New York attorney George Templeton Strong remembered the morning of July 13, 1863, as “deadly muggy” with “a muddy sky and lifeless air.” Through this heat he observed a growing crowd of “gaunt-looking savage men and women and even little children armed with brickbats, stones, pokers, shovels and tongs, coal scuttles, and even tin pans and bits of iron.”

As members of New York’s impoverished wards marched into more affluent neighborhoods, some citizens thought they were witnessing the beginning of a parade, or, as one woman mused, an immigrant festival. July was the common marching season for Irish Protestants and Catholics, as their religious animosities flared on the anniversary of the Protestants’ victory at the 1690 Battle of the Boyne. Such tension had led to violence before the Civil War, and would again. But this July was different, as were the motives of the marchers. For one horrifying week, these New York laborers, dominated by unskilled Irish-Catholic workers, would terrify the city during one of the worst riots in American history.

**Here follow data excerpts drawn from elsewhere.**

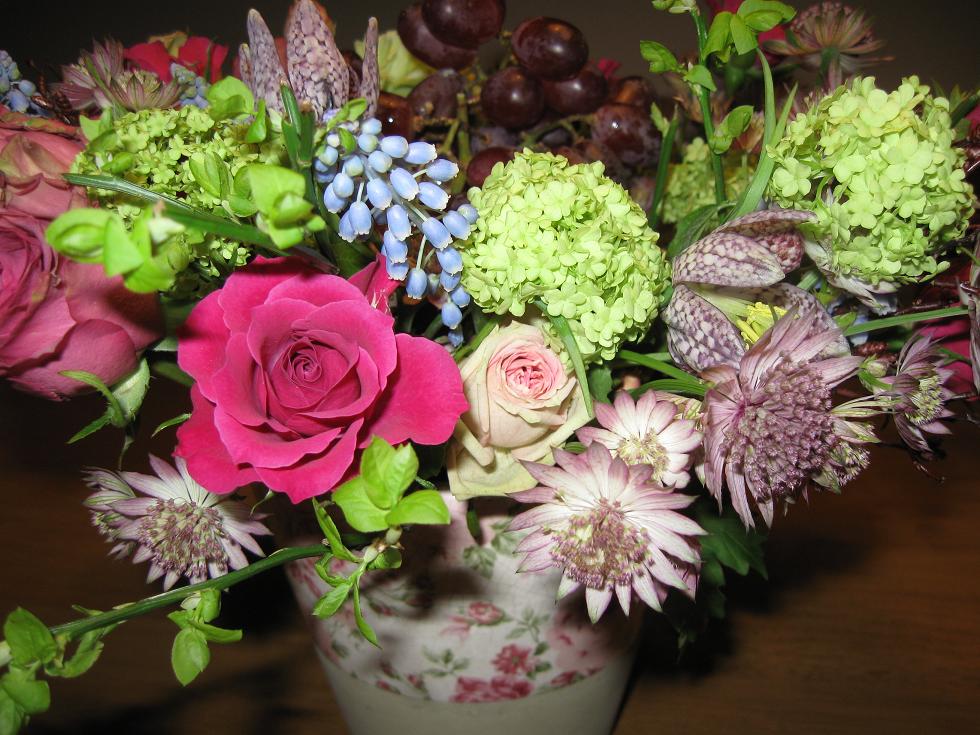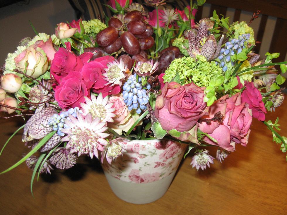 Två gånger per år inbjuder en blomsteraffär allmänheten till blomsterkväll i en kyrklokal i grannbyn. Det är tre duktiga florister som gör 10-15 rätt så avancerade arrangemang som vi besökare sen kan vinna på lotterna vi köper där. Vinsterna brukar vara värda 400-800 kronor/st och är väldigt olika i stilen. De har även ca 15 tröstpriser. I år var det en kruka dekorerad med lilamönstrat garn med en söt viol i som var tröstpriset.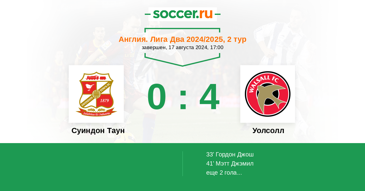 | Суиндон Таун | 54:51 | 28:29 | 26:22 |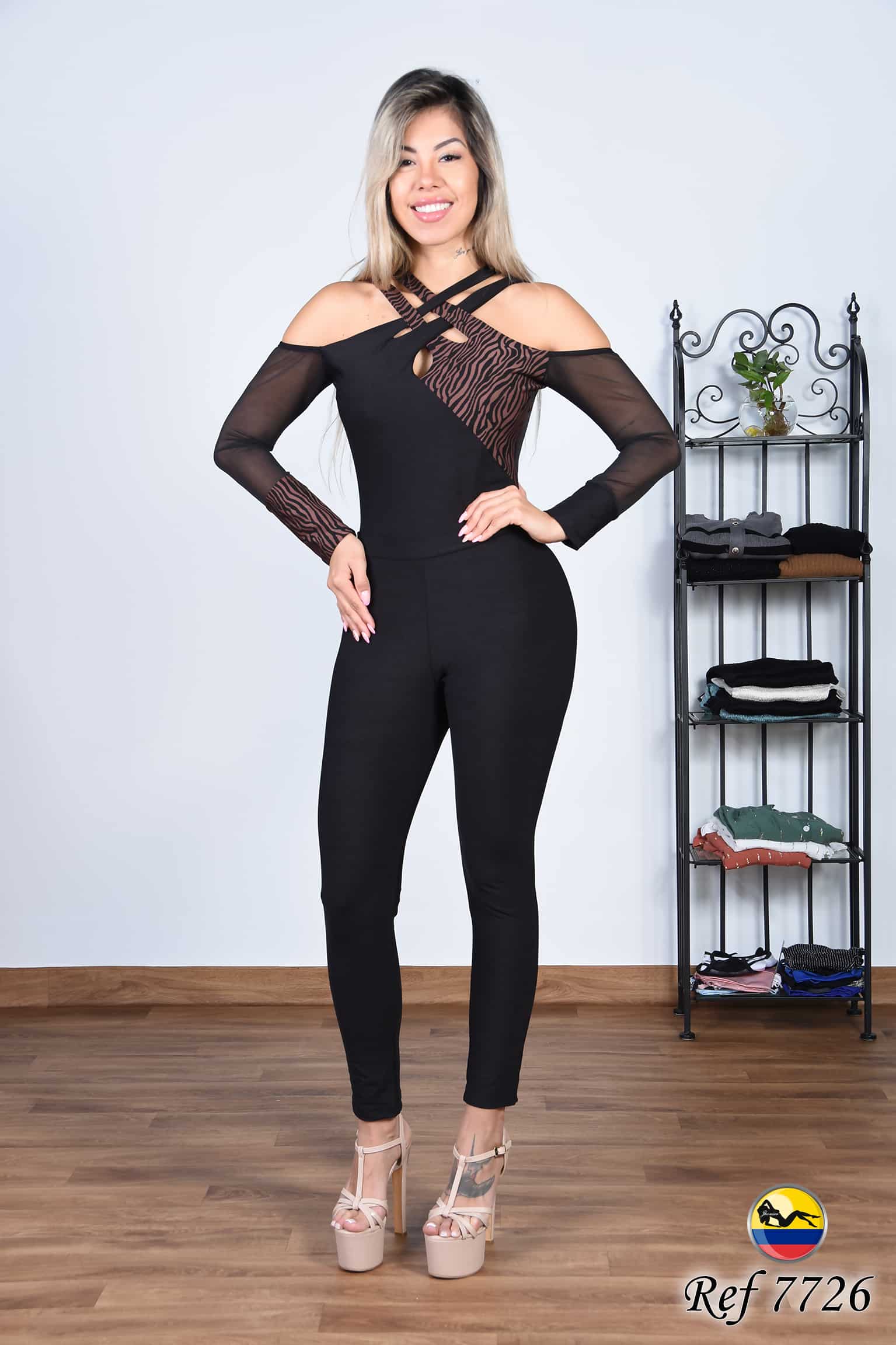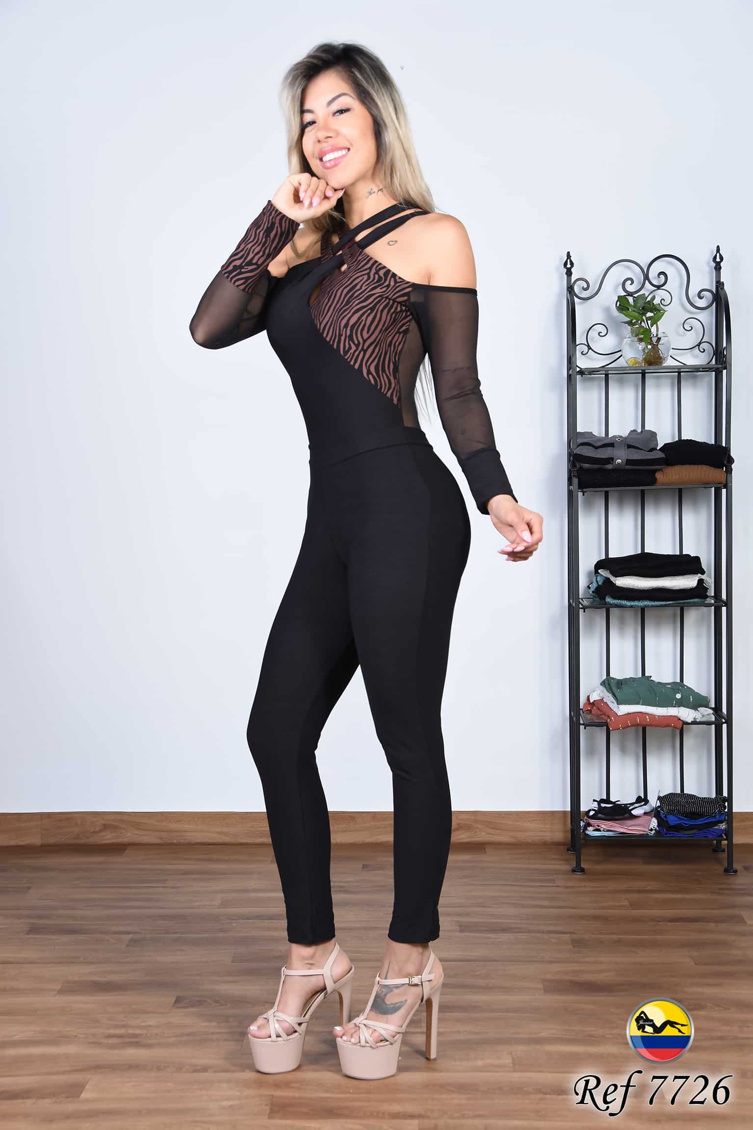 Este enterizo largo está diseñado para destacar tu estilo,su color animal print y negro Su diseño único mezcla texturas y cortes que realzan la figura y aportan un look moderno ideal para cualquier ocasión especial.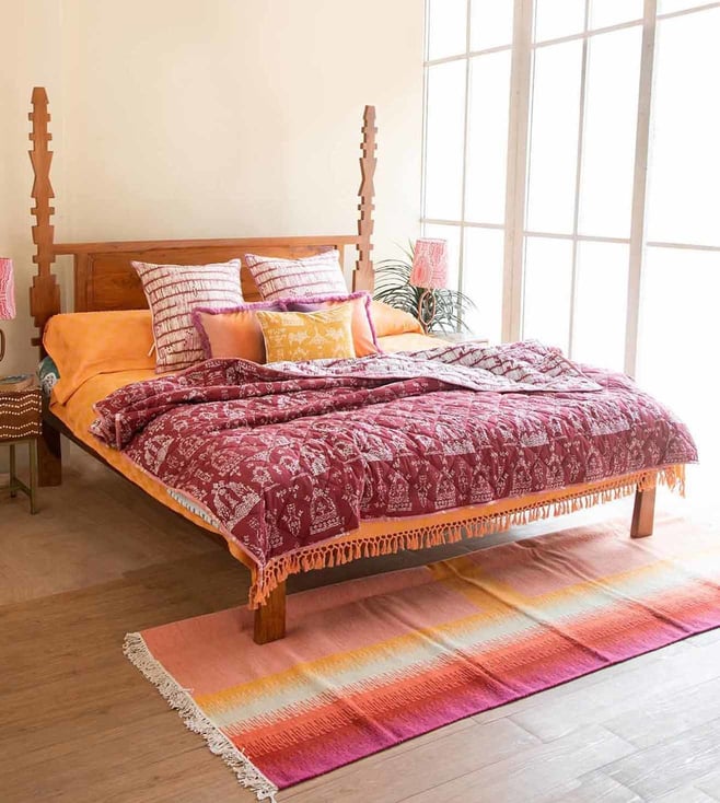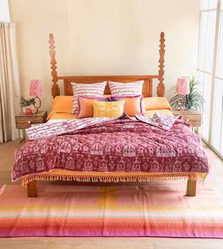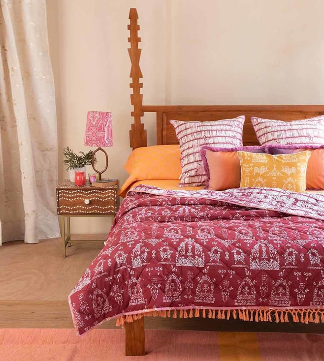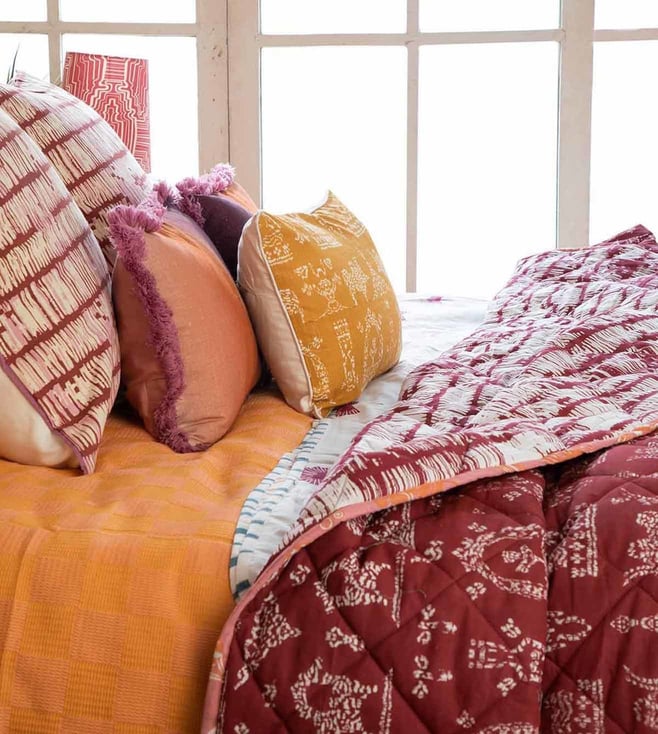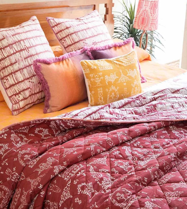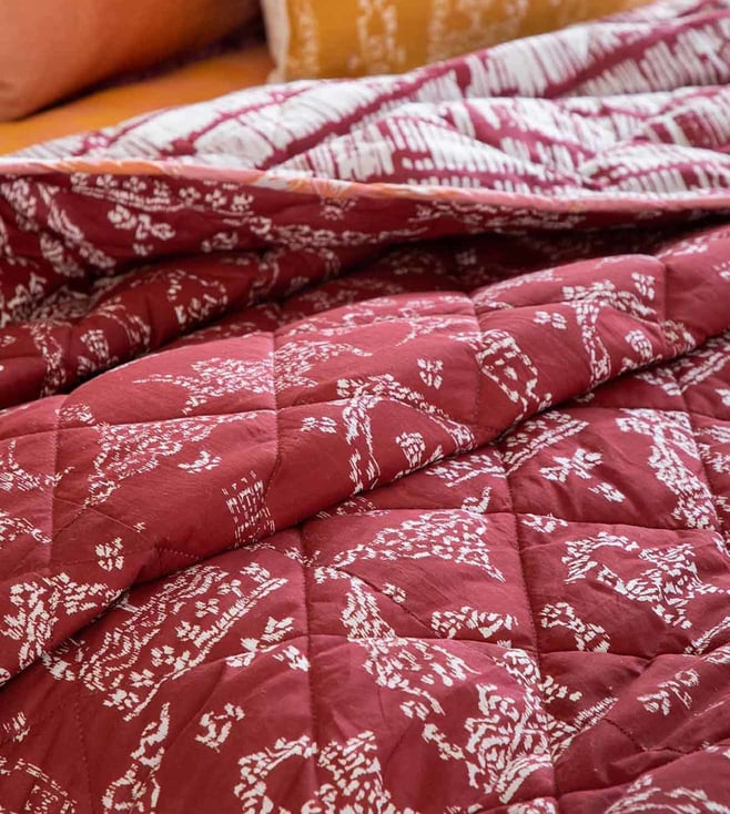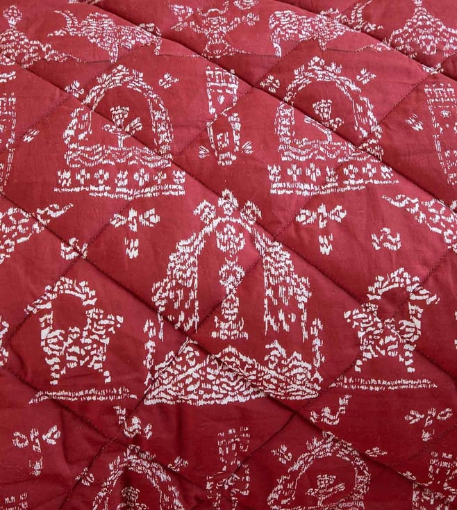 Find peace in your sanctuary with Freedom Tree's Madder Red Quilt, crafted from 100% Cotton Cambric fabric. Indulge in this timeless piece to make your home a cozy place to relax and reflect. Disclaimer: All other items in the image are only for display purposes and will not be a part of the delivery content. Product colour may slightly vary due to photographic lighting sources. Country of Origin - India.

The New York City draft riots are usually recalled as a violent clash between rich and poor, and as a demonstration of the tensions between African Americans and their impoverished white neighbors—particularly Irish-Catholic immigrants. This is partially accurate, but overlooks a key to the rage that fueled the riots.

In the second year of the war, the North had few victories to celebrate. Irish-Catholic New Yorkers paid close attention to units that represented their traditions, including Thomas Francis Meagher’s Irish Brigade in the Army of the Potomac, and there had been little to cheer. This was starkly different from the previous fall—while they shared their part of the Union defeat at Bull Run, Irishmen took pride in how well the 69th New York State Militia fought under its colonel, Michael Corcoran. They boasted as well of how quickly Meagher stepped forward to replace the captured Corcoran and recruited an entire brigade of Irish-Catholics.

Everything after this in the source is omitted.